Tata Group announced the transfer of its branded food business from Tata Chemicals Ltd (TCL) to Tata Global Beverages Ltd (TGBL) in an all-shares deal.
The deal is expected to create a more than Rs 9,000-crore turnover giant. As per the deal, TGBL will buy the business of selling edible salt, spices and lentils and give shares in return to TCL. After the merger deal, TGBL will be known as Tata Consumer Products Ltd. The transaction is subject to statutory and regulatory approvals, including those of the National Company Law Tribunal (NCLT), stock exchanges, Securities and Exchange Board of India (SEBI) and shareholders.
The deal is a part of the business strategy initiated by Tata Group Chairman N Chandrasekaran to reduce the overlap between group companies and consolidate businesses sharing similar synergies and adjacencies within the conglomerate.
Commenting on the announcement, Chandrasekaran said, "Tata Consumer Products consolidates our current presence in food and beverages in the fast-growing consumer sector. Through this combination, we have created a strong growth platform to meet the growing aspirations of Indian consumers."

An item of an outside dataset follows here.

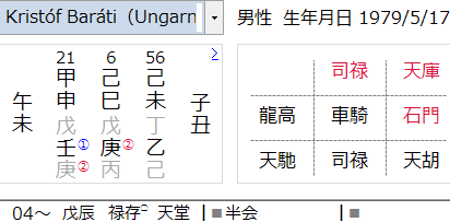 従生財格一点破格。天胡星のある人は音楽に向くと言われたりしますね。

According to the company statement, the boards of directors of TGBL and TCL, at their meetings on Wednesday, approved the de-merger of the consumer products business of TCL into TGBL. "Each shareholder of TCL will get 1.14 new equity shares of TFBL for every one equity share held. The proposed transaction will create a focused consumer products company with a combined turnover of Rs 9,099 crore and an Ebitda of Rs 1,154 crore," it said.